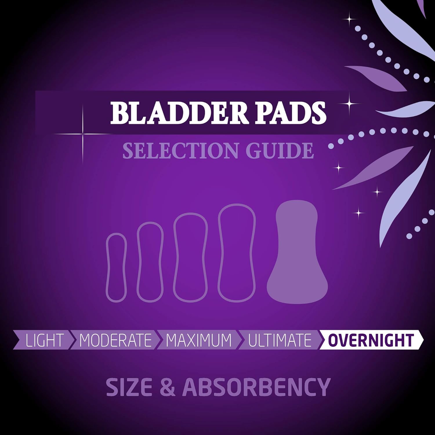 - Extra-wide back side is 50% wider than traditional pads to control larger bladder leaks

* * *

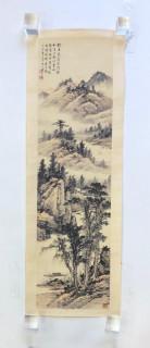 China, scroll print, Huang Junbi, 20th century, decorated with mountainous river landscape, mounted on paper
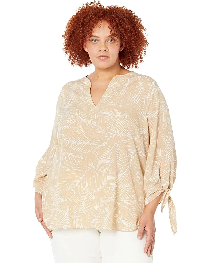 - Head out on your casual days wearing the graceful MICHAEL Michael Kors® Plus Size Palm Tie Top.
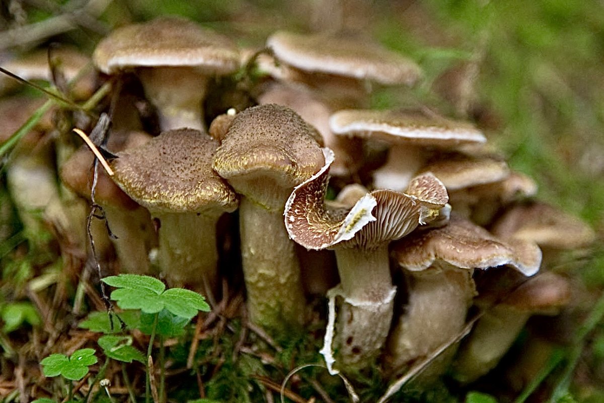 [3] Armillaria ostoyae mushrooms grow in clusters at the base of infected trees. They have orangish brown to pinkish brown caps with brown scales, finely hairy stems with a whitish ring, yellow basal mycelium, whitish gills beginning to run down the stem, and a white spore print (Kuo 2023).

* ACTION ITEM:
Extract, without any images, the part of the material above that opens with the line containing "China, scroll print, Huang" and closes with the line containing "- Head out on", both lines included.

* SOLUTION TO THE PROBLEM:
 China, scroll print, Huang Junbi, 20th century, decorated with mountainous river landscape, mounted on paper
 - Head out on your casual days wearing the graceful MICHAEL Michael Kors® Plus Size Palm Tie Top.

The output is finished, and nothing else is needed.